The InfluxDB::flushBatch method is updated to construct the largest possible messages which can be successfully sent given the mTransport in use.

If any individual Point is too large to be successfully sent (i.e.: its Line Protocol representation is larger than the maximum message size) it is skipped and the other Points in the batch are sent. An exception is subsequently raised.

…ion for unsuccessful call

…cifying a valid port number

…hey can transmit using their send method

…stand

…raise an exception when all other points have been sent. Also, ensure that the connection's point batch is definitely cleared even if there is a transmission error.

…surements

… size or the UDP theoretical limit (for MacOS)

…event unwanted macro expansion in MSVC see https://stackoverflow.com/questions/27442885/syntax-error-with-stdnumeric-limitsmax

…try attempts at installing packages This is a workaround for intermittent 404 errors for the Azure apt mirror

offa · 2023-03-22T18:37:17Z

.github/workflows/ci.yml

@@ -29,7 +29,9 @@ jobs:
        run: script/ci_setup.sh
      - name: Install Boost
        if: ${{ matrix.boost == true }}
-        run: apt-get install -y libboost-system-dev
+        run: |


Why the switch from apt-get to apt? Did you experience any connection issues?

offa · 2023-03-22T18:42:48Z

src/BoostSupport.cxx

@@ -103,12 +103,19 @@ namespace influxdb::internal

    std::unique_ptr<Transport> withUdpTransport(const http::url& uri)
    {
-        return std::make_unique<transports::UDP>(uri.host, uri.port);
+        static constexpr std::uint16_t INFLUXDB_UDP_PORT{8089};


I see a port as something a caller has to provide (like the host address) and not use any assumptions – unless there's a really, really good reason to do so.

(same for tcp below)

offa · 2023-03-22T18:46:05Z

src/HTTP.cxx

@@ -107,6 +109,11 @@ namespace influxdb::transports
        checkResponse(response);
    }

+    std::size_t HTTP::getMaxMessageSize() const
+    {
+        return (std::numeric_limits<std::size_t>::max)();


Instead of handling a huge number, we could simple use 0 (= off) and skip any splitting logic.

offa · 2023-03-22T18:56:19Z

src/InfluxDB.cxx

+    {
+        /// Group the points into the largest possible line-protocol messages that can be sent using the transport.
+        template <typename PointContainer>
+        void TransmitBatch(std::unique_ptr<Transport>& transport, const std::string& globalTags, PointContainer&& points)


Since the function doesn't change the unique_ptr itself, pass the transport by const-ref instead.

Also, please use transmitBatch() (lower case t) naming – I know this isn't used consistent everywhere (yet) :-)

(both same for the function below)

offa · 2023-03-22T18:59:23Z

src/UDP.cxx

 #include <string>

 namespace influxdb::transports
 {
+    namespace
+    {
+        std::size_t GetSocketSendBufferSize(const boost::asio::ip::udp::socket& socket)


Minor; getSocketSendBufferSize() (see naming comment above).

offa · 2023-03-22T19:02:37Z

src/UDP.cxx

+        // this can be changed by setting the sysctl net.inet.udp.maxdgram or setting the
+        // SO_SNDBUF option on a per socket basis.
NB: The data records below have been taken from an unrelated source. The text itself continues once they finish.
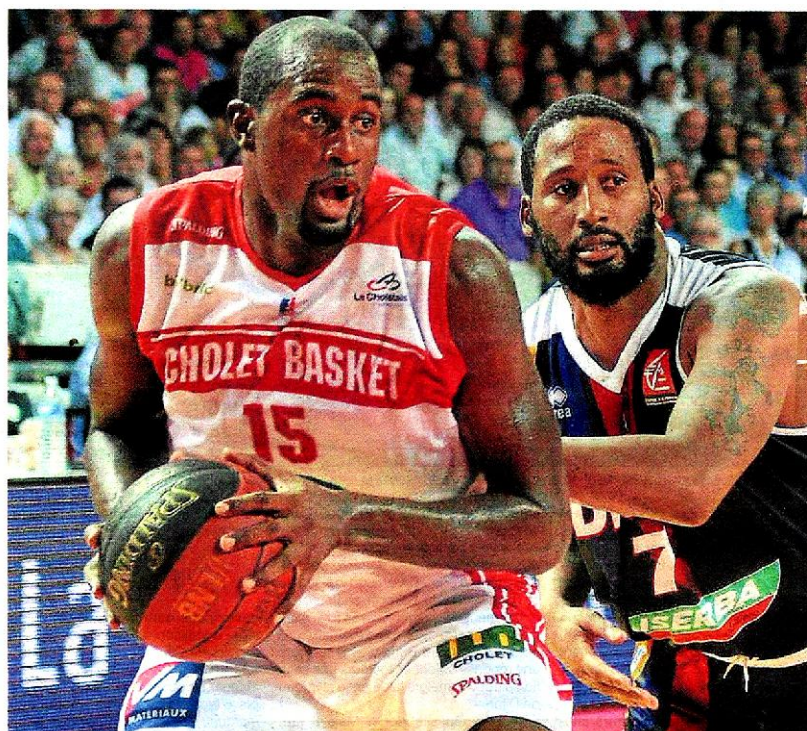
Pour l'ouverture de sa saison à La Meillerie, Cholet sort vainqueur de son match face à Dijon. page 2

Ouest France – Dimanche 28 septembre 2014
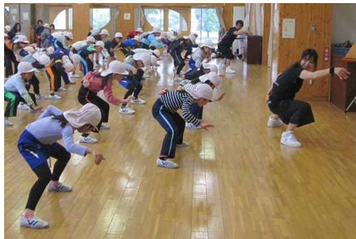
腰を低くするのは大変...
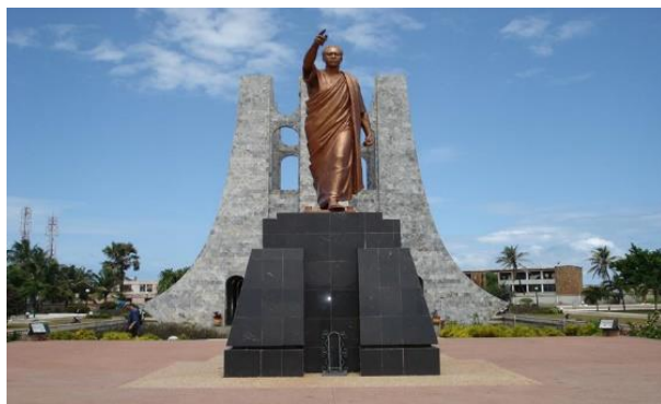
Mausolée de Kwame Nkrumah
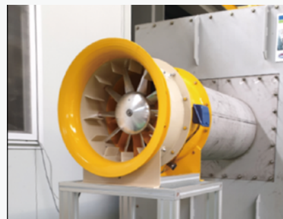
〈한국생산기술연구원 천안본원 실험1동〉

10 : 축류 송풍기, 20 : 케이싱, 22 : 내주면, 30 : 허브, 40 : 안내깃, 50 : 날개, 60 : 실속 방지 구조(핀), \delta : 핀과 날개 사이 간격, l_a : 핀의 축방향 길이, l_r : 핀의 반경방향 길이
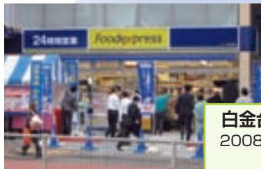
白金台プラチナ通り店 2008年5月30日オープン (東京都港区)

For our purposes we can just use the
+        // smaller of maxUDPDataSize and the send buffer size for the socket.
+        return std::min(maxUDPDataSize, GetSocketSendBufferSize(mSocket));


How about other systems? Is the behaviour consistent across OS types?

offa · 2023-03-22T19:04:07Z

src/UriParser.h


 namespace http
 {
    struct url
    {
        std::string protocol, user, password, host, path, search, url;
+        static constexpr int PORT_NOT_SET = -1;


(see port related comment above)

offa · 2023-03-22T19:05:54Z

test/InfluxDBTest.cxx

+        std::string p4Line{FormatPoint(p4)};
+        // Set transport max message size to accommodate three test points (with newline delimiters)
+        const std::size_t maxMessageSize{(p4Line.size() * 3) + 2};
+        //


Something missing here? :-)

offa · 2023-03-22T19:08:33Z

test/system/InfluxDBST.cxx

+        }
+    }
+
+    TEST_CASE("UDP Transport", "[InfluxDBST]")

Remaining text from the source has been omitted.